━━━━━ GIVEN DATA

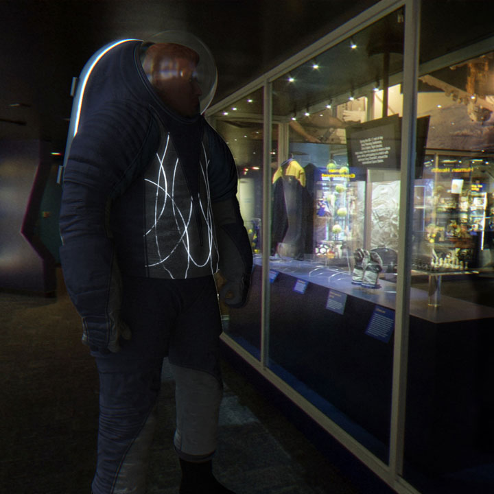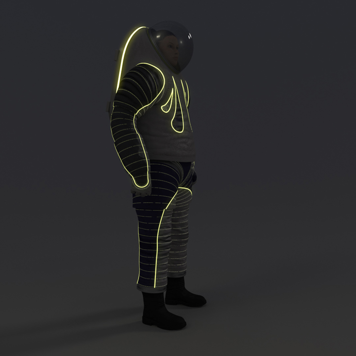“Technology” pays homage to spacesuit achievements of the past while incorporating subtle elements of the future. By using Luminex wire and light-emitting patches, this design puts a new spin on spacewalking standards such as ways to identify crew members.
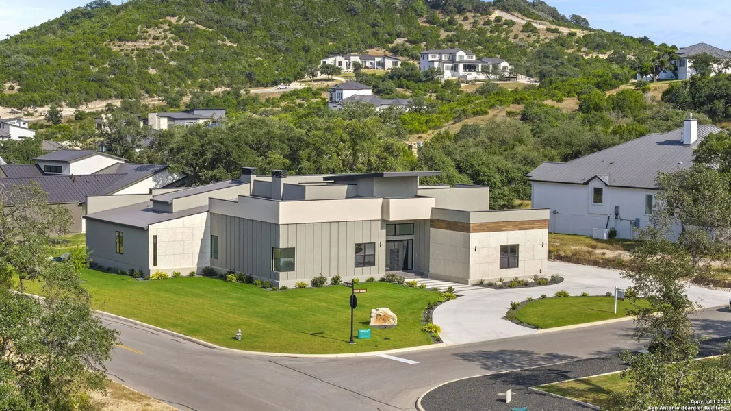 A statement of modern architecture and refined Hill Country living, this custom single-story residence in The Canyons at Scenic Loop is constructed with 2x6 exterior framing, enhanced insulation, and single-slope standing seam metal roofing for superior efficiency, longevity, and clean contemporary lines. Offering 3,719 sq. ft. of intentional design, the home features gallery-height ceilings, expansive walls of glass, and seamless indoor-outdoor connection. The open living space is anchored by a striking feature wall with a linear fireplace, flowing into a chef's kitchen with European-inspired cabinetry, a waterfall black granite island, 48" professional gas range with pot-filler, double ovens, and a hidden walk-in pantry. The owner's retreat evokes a spa-like sanctuary with a sculptural soaking tub, oversized glass shower, and warm natural textures. Outdoor living becomes an everyday ex...
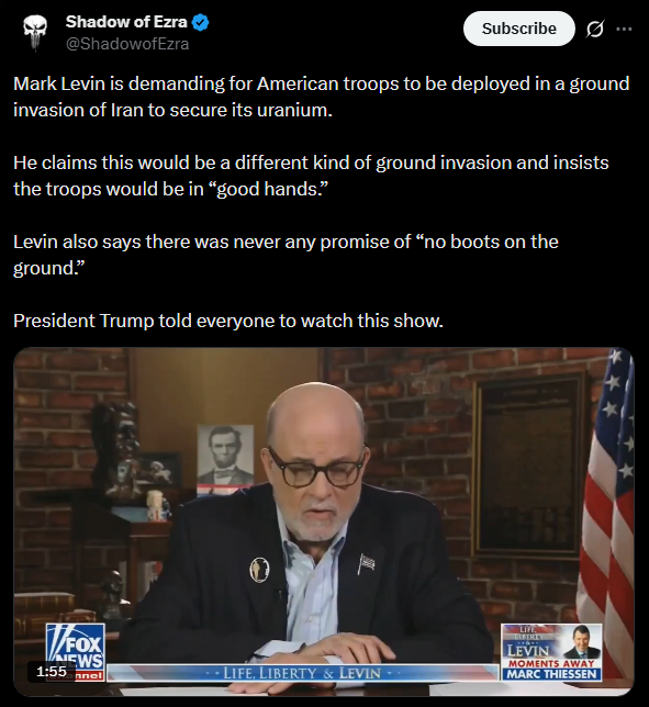 Microdick Levin is demanding ground troopshttps://x.com/ShadowofEzra/status/2038065935798370523

━━━━━━━━━━

* WHAT IS REQUIRED:
In the copy, include no pictures, but repeat the listing exactly.

* TASK SOLUTION:
“Technology” pays homage to spacesuit achievements of the past while incorporating subtle elements of the future. By using Luminex wire and light-emitting patches, this design puts a new spin on spacewalking standards such as ways to identify crew members.
 A statement of modern architecture and refined Hill Country living, this custom single-story residence in The Canyons at Scenic Loop is constructed with 2x6 exterior framing, enhanced insulation, and single-slope standing seam metal roofing for superior efficiency, longevity, and clean contemporary lines. Offering 3,719 sq. ft. of intentional design, the home features gallery-height ceilings, expansive walls of glass, and seamless indoor-outdoor connection. The open living space is anchored by a striking feature wall with a linear fireplace, flowing into a chef's kitchen with European-inspired cabinetry, a waterfall black granite island, 48" professional gas range with pot-filler, double ovens, and a hidden walk-in pantry. The owner's retreat evokes a spa-like sanctuary with a sculptural soaking tub, oversized glass shower, and warm natural textures. Outdoor living becomes an everyday ex...
 Microdick Levin is demanding ground troopshttps://x.com/ShadowofEzra/status/2038065935798370523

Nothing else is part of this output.